▶ _INFORMATION PROVIDED_:
________________________________________

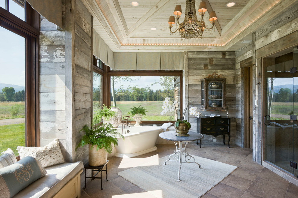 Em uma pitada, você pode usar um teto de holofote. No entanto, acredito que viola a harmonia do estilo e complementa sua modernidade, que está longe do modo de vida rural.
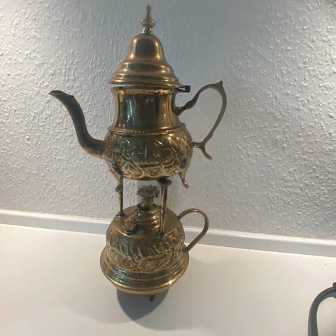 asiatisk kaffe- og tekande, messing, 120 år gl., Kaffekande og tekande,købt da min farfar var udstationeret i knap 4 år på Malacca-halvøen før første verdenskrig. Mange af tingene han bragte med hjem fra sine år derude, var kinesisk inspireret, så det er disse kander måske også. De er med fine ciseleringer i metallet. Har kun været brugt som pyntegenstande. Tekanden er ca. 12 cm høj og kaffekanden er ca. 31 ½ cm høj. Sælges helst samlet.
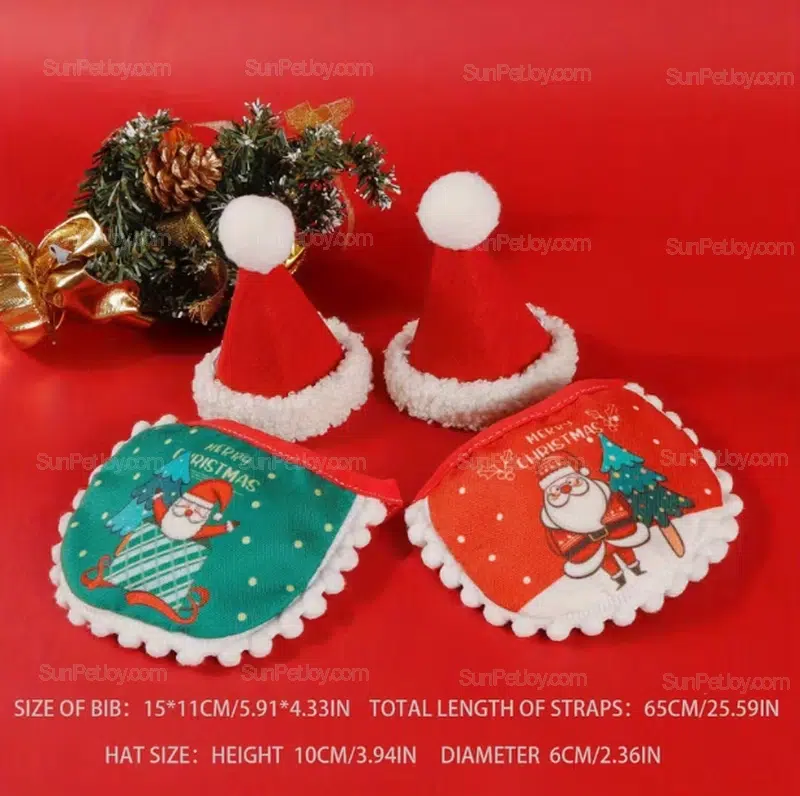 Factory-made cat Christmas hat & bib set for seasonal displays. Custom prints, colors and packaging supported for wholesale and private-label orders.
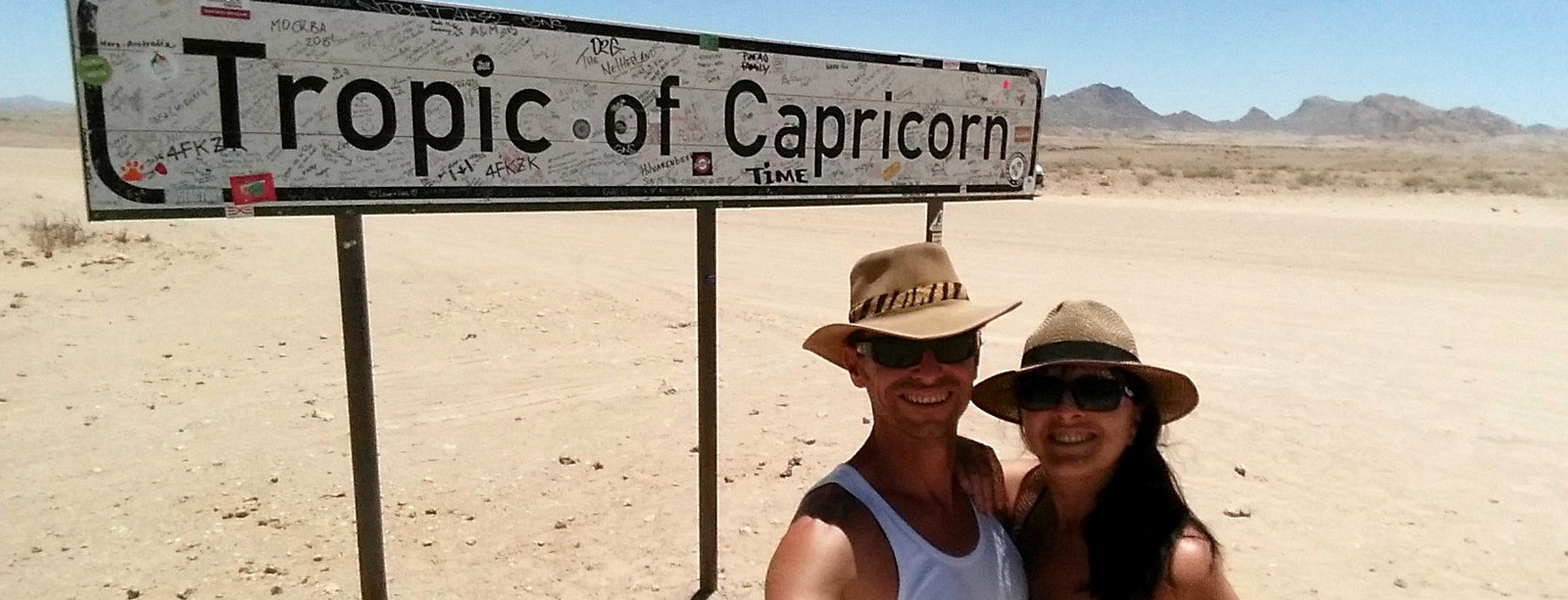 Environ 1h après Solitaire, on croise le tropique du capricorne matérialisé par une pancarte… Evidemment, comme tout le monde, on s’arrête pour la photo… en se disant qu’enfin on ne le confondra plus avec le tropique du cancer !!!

________________________________________

▶ _WHAT IS NEEDED_: Restate the whole listing above exactly, please, omitting every image.

▶ _REPLY_:
 Em uma pitada, você pode usar um teto de holofote. No entanto, acredito que viola a harmonia do estilo e complementa sua modernidade, que está longe do modo de vida rural.
 asiatisk kaffe- og tekande, messing, 120 år gl., Kaffekande og tekande,købt da min farfar var udstationeret i knap 4 år på Malacca-halvøen før første verdenskrig. Mange af tingene han bragte med hjem fra sine år derude, var kinesisk inspireret, så det er disse kander måske også. De er med fine ciseleringer i metallet. Har kun været brugt som pyntegenstande. Tekanden er ca. 12 cm høj og kaffekanden er ca. 31 ½ cm høj. Sælges helst samlet.
 Factory-made cat Christmas hat & bib set for seasonal displays. Custom prints, colors and packaging supported for wholesale and private-label orders.
 Environ 1h après Solitaire, on croise le tropique du capricorne matérialisé par une pancarte… Evidemment, comme tout le monde, on s’arrête pour la photo… en se disant qu’enfin on ne le confondra plus avec le tropique du cancer !!!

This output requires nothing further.